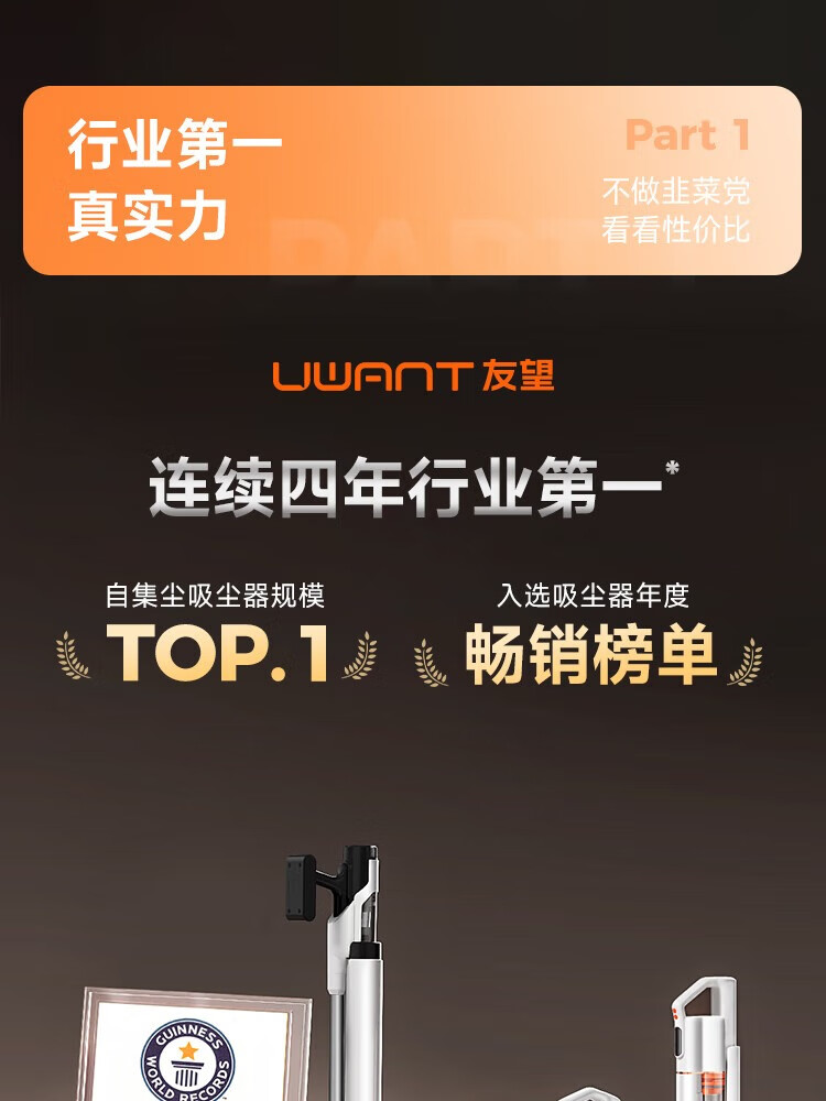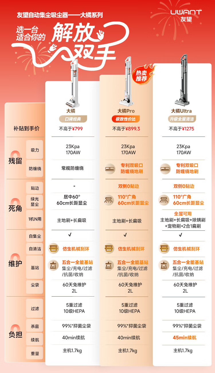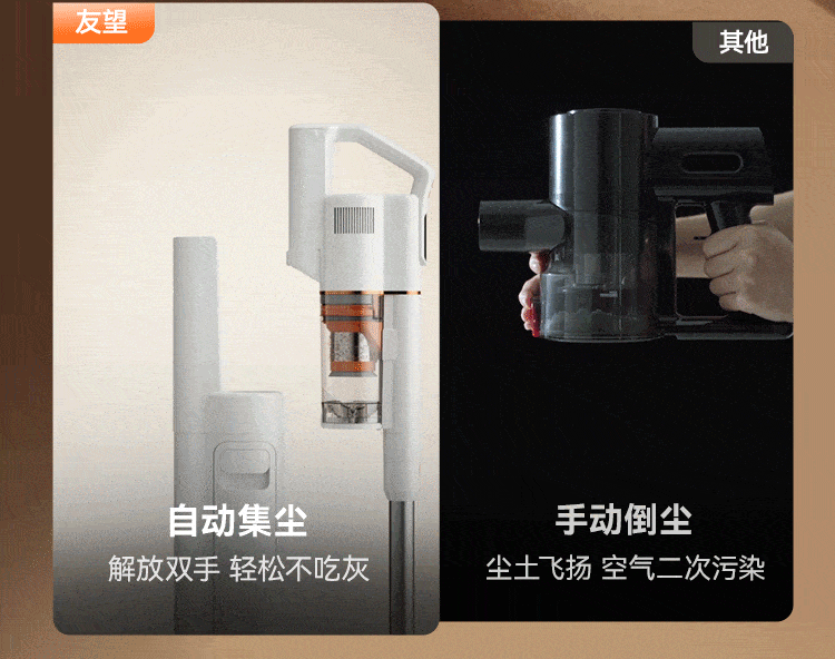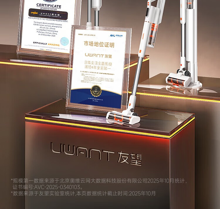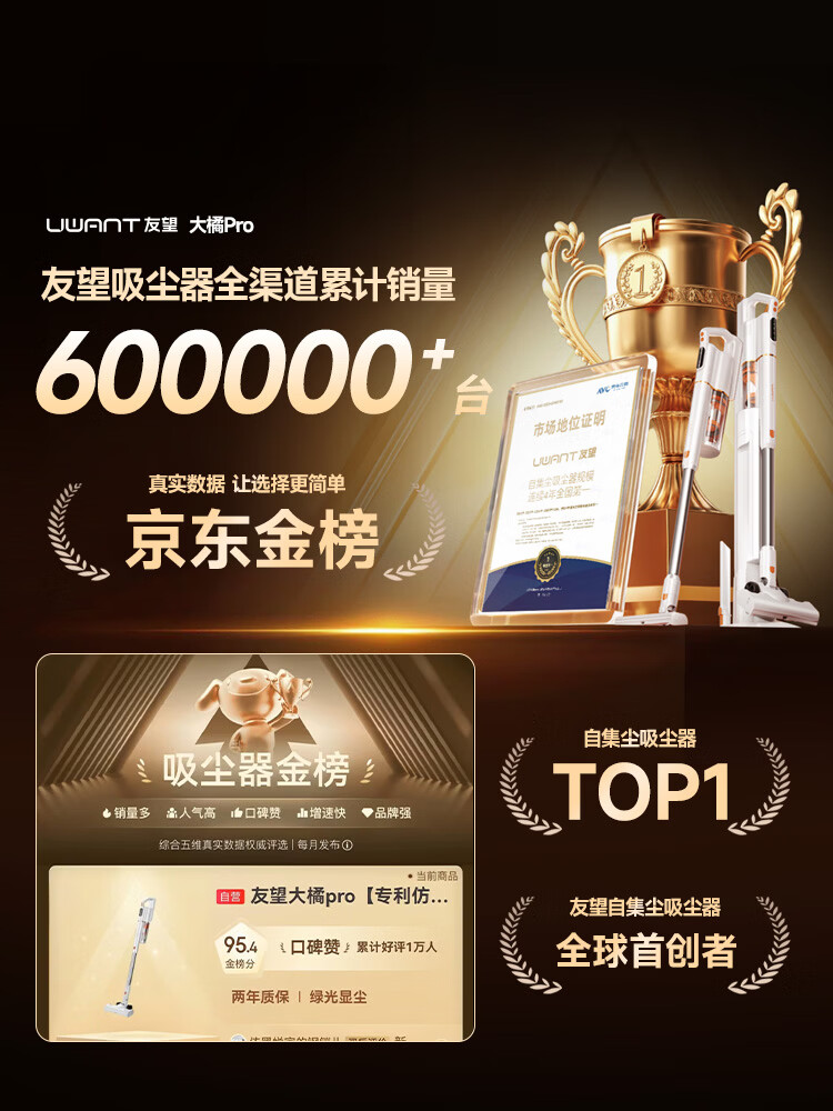 UWANT友望吸尘器大橘Pro自集尘【专利防缠 仿生刮环自清洁】小型车载家用大吸力无线吸尘器手持大功率
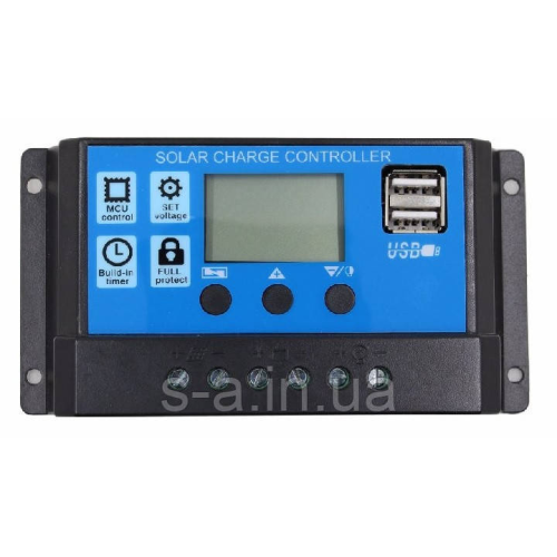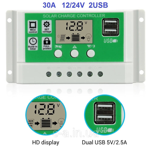 PWM(ШІМ) Контролер захищає акумулятор від перезаряду, перерозряду і втрати заряду вночі. Контролер може працювати при напрузі 12В або 24В. Струм надходить на акумулятор від сонячної батареї і струм споживаний навантаженням не повинні перевищувати 30А. Специфікація:
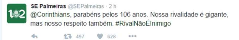 Destacando a grandiosidade da rivalidade entre as duas equipes, o perfil do Verdão no twitter lembrou do respeito que existe entre ambos, pregando contra uma associação que o fato de torcer para equipes rivais possa ter com a prática de violência.
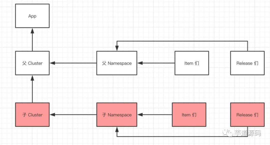 创建灰度,调用的是创建 Namespace 分支 的 API 。通过创建的子 Namespace ,可以关联其自己定义的 Cluster、Item、Release 等等。关系如下所图所示:
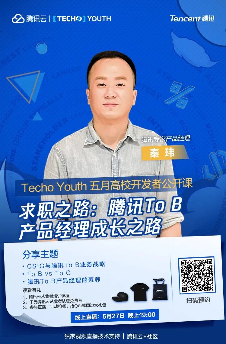 5月27日(明晚)19点,腾讯云数据库专家产品经理秦玮分享《求职之路:腾讯To B产品经理成长之路》,扫描下方海报即可报名预约~
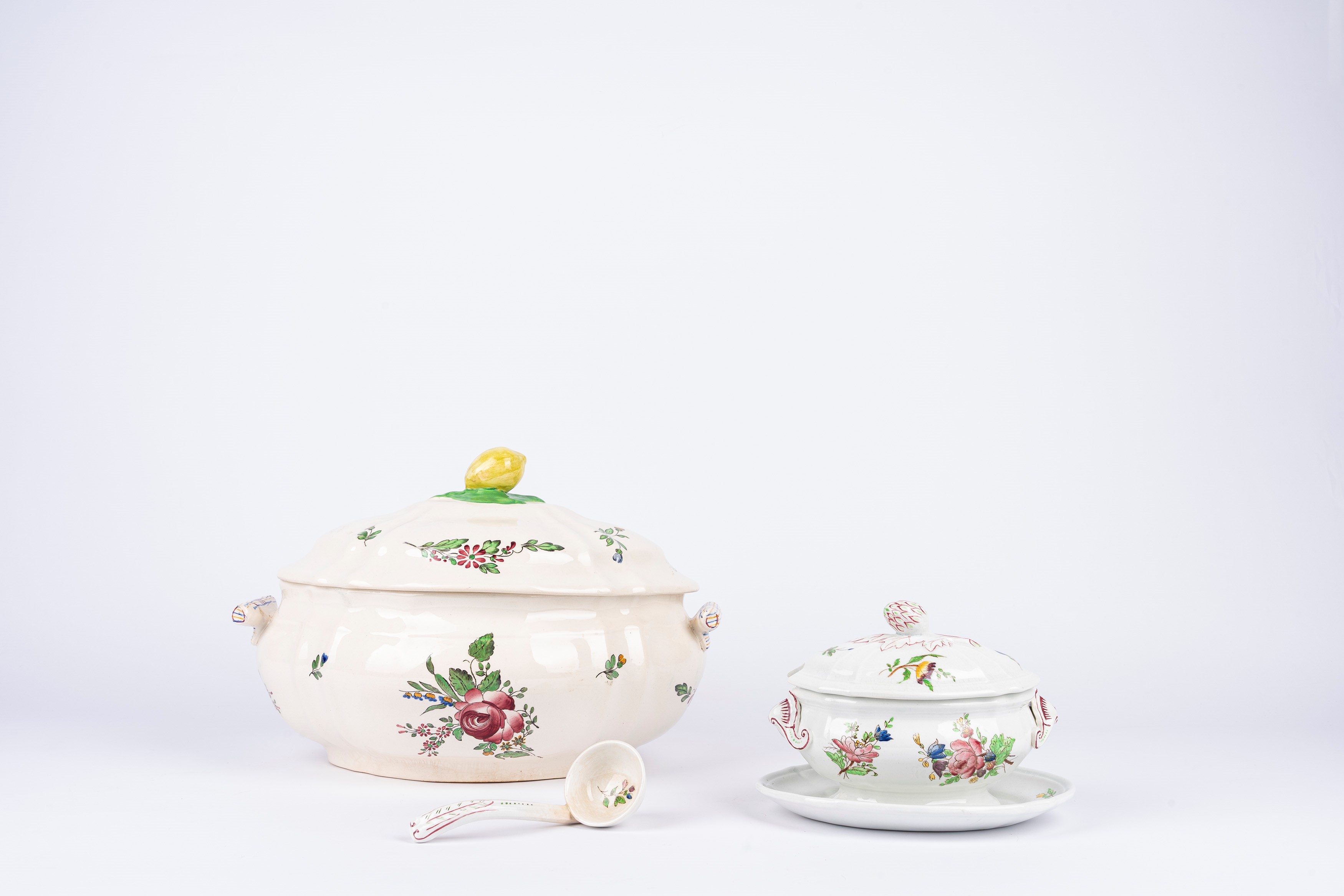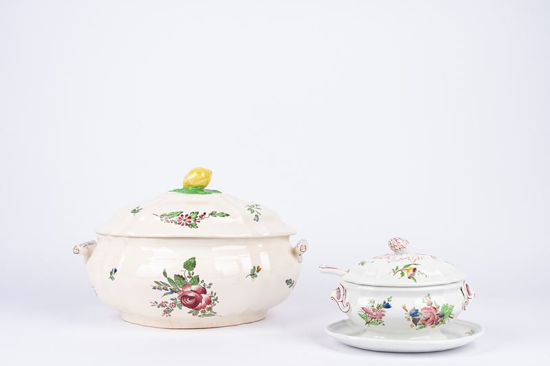 Porcelain tureen and gravy boat decorated in polychrome, Strasbourg Richard
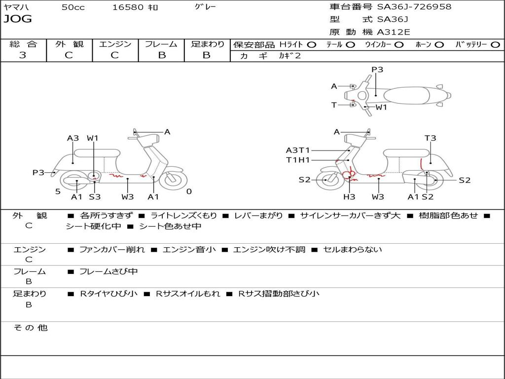 | Номер рамы / VIN | SA36J-726958 |
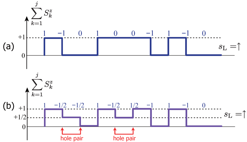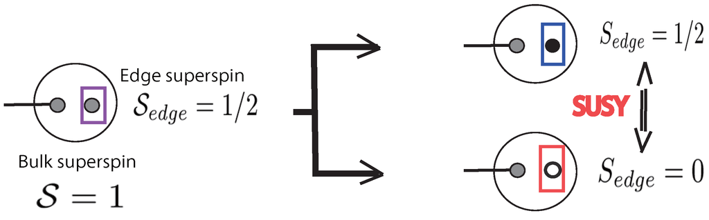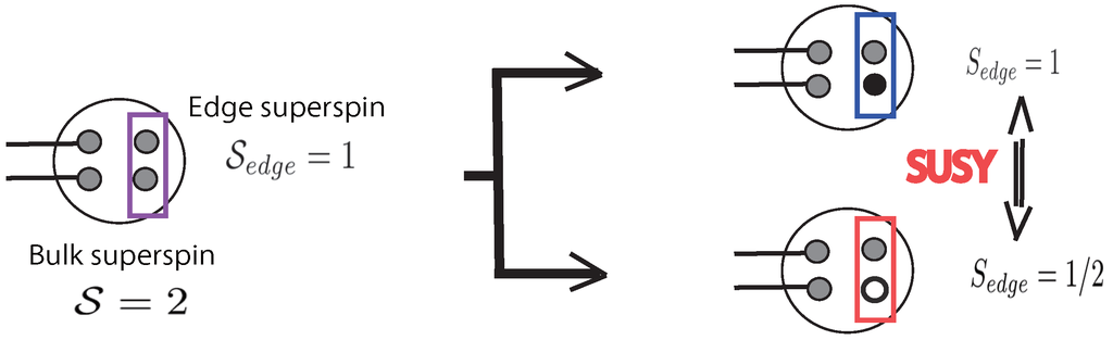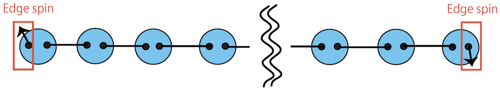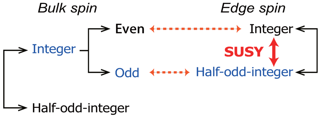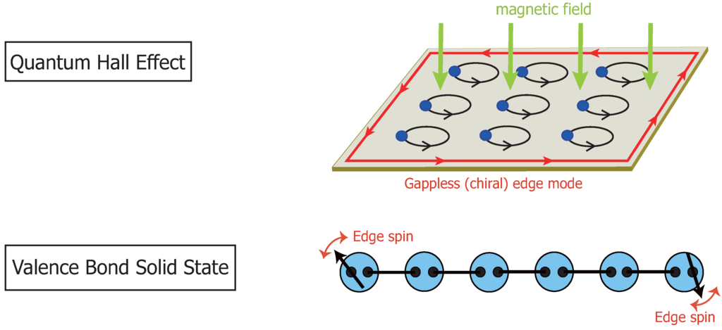 As with other quantum-disordered paramagnets, the VBS states have a finite excitation gap and exponentially decaying spin correlations. However, the VBS states are not “mere” disordered non-magnetic spin states; the spin-S VBS states necessarily have gapless modes at their edges or, more specifically, emergent spin- edge spins [13,14]. This might remind the readers of the (chiral) gapless modes at the edge of the QHE systems, where excitations are gapful in the bulk (see Figure 1). Similar features are found in topological insulators, as well, [15,16,17] and considered as a hallmark of the topological state of matter. Furthermore, in 1D, the VBS states are known to exhibit a non-local order, called the hidden string order [18,19]. What is prominent in the VBS states is that they most typically exhibit a certain kind of topological order even in 1D, while QHE needs at least 2 D to work. This is a great advantage for the investigation of the VBS states, since in 1D, most calculations of physical quantities can be carried out exactly by using the matrix product state (MPS) representation [20,21,22,23,24,25] combined with the transfer-matrix method.
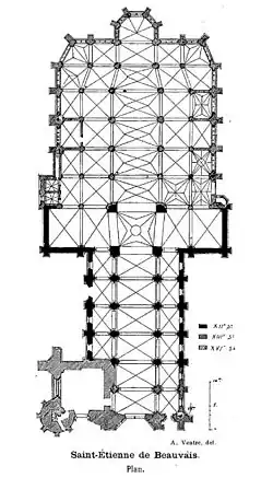 L'église Saint-Étienne de Beauvais est une église catholique paroissiale située à Beauvais, chef-lieu du département de l'Oise, rue de l'Étamine. Sa fondation à la fin du IIIe siècle est due à saint Firmin. L'on ignore son premier vocable, mais elle a longtemps été dédiée à saint Vaast d'Arras, et un chapitre a existé sous ce titre de 1072 à 1742. Même avant le début de la construction de l'église actuelle au début du XIIe siècle, l'église Saint-Étienne est le centre de la vie municipale, et bien que située en dehors de la cité épiscopale, sa paroisse est l'une des plus importantes de la ville. Sa nef et son transept sont de style roman, hormis les deux premières travées de la nef reconstruites après un incendie à la fin du XIIe siècle, et les murs orientaux du transept en grande partie remaniés au XVIe siècle. Dans la nef, l'on trouve une élévation à trois étages avec triforium. Le voûtement d'ogives des bas-côtés a vraisemblablement commencé vers 1120, mais l'on suppose que le chœur roman terminé avant cette date était voûté d'ogives dès le départ. Si l'église Saint-Étienne n'était pas pionnière dans le voûtement d'ogives dans la région, rôle qui incombe à l'abbatiale Saint-Lucien de Beauvais démolie après la Révolution française, elle représente néanmoins la plus ancienne église en France en dehors de la Normandie conçue d'emblée pour être voûtée d'ogives. C'est en même temps l'une des églises romanes les plus considérables qui subsistent aujourd'hui au nord de Paris. Le chœur, bien connu grâce à des fouilles pendant les années 1950, a été démoli successivement pendant le premier quart du XVIe siècle pour être remplacé par une vaste construction de style gothique flamboyant, qui est rapidement embellie par des vitraux historiés confectionnés par les meilleurs maîtres-verriers de la région. Même sous la Révolution dont l'iconoclasme a fait des ravages dans l'église, ces vitraux ont été respectés et font la célébrité de l'église Saint-Étienne, avec la façade septentrionale de style roman fleuri richement décorée et les vieilles voûtes. L'architecture du chœur avec son chevet plat n'a longtemps pas été appréciée à sa juste valeur ; pourtant, il est très élancé et très lumineux : la hauteur sous voûtes atteint les 29,50 m, et les fenêtres hautes d'une superficie de plus de 40 m2 chacune remplissent toute la place disponible entre les piliers. L'église a très tôt été classée au titre des monuments historiques par arrêté du [2]. Sa restauration commence bientôt après, mais les campagnes de restauration peuvent rarement être menées à terme, et l'état global de l'édifice ne cesse de se dégrader jusqu'à la restauration générale de la nef au début du XXe siècle. Déjà proche de la ruine lors du bombardement du 8 et , le chœur est enfin restauré après-guerre.
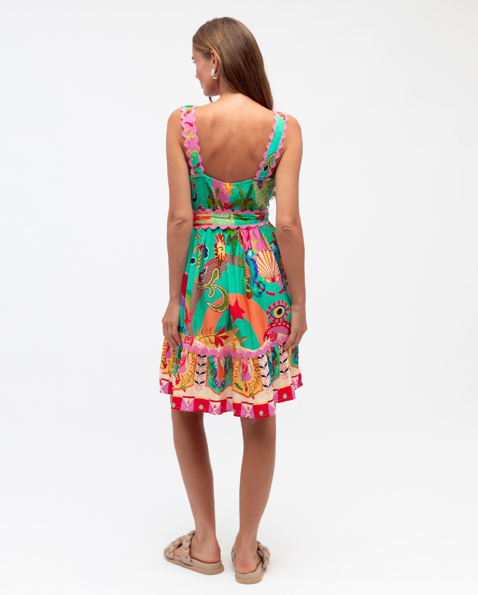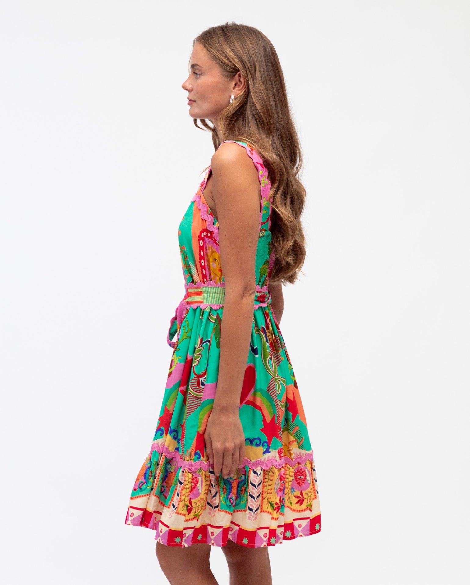 Say hello to the holiday season in our Carnival Short Dress! This dress features a square neckline, an elasticised back panel and is sleeveless in nature. Off body design that can be cinched in at the waist with the provided tie. Light weight fabrication that showcases a 'Carnival' inspired abstract print in shades of green, red, yellow and pink. Short length, tiered skirt design with side pockets. Unique ric rac trim detailing found throughout.
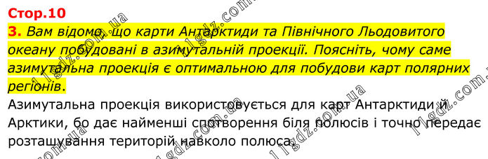 3. Вам відомо, що карти Антарктиди та Північного Льодовитого океану побудовані в азимутальній проекції. Поясніть, чому саме азимутальна проекція є оптимальною для побудови карт полярних регіонів. Азимутальна проекція використовується для карт Антарктиди й Арктики, бо дає найменші спотворення біля полюсів і точно передає розташування територій навколо полюса.
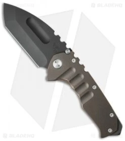 The MKT Praetorian T is a big folder in a relatively small package. This mighty knife has a black oxide coated D2 tool steel tanto style blade with no-bull spine texture and a wide thumb groove opener. The handle and frame are also tumbled titanium and bronze anodized; outfitted with a tip-up carry pocket clip and beefy stainless steel glass breaker tip. Comes in a waterproof case.

+++

In the answer, include exactly the lines from the top of the entries through the line containing "PWM(ШІМ) Контролер захищає", and nothing else, not even the pictures.

 UWANT友望吸尘器大橘Pro自集尘【专利防缠 仿生刮环自清洁】小型车载家用大吸力无线吸尘器手持大功率
 PWM(ШІМ) Контролер захищає акумулятор від перезаряду, перерозряду і втрати заряду вночі. Контролер може працювати при напрузі 12В або 24В. Струм надходить на акумулятор від сонячної батареї і струм споживаний навантаженням не повинні перевищувати 30А. Специфікація:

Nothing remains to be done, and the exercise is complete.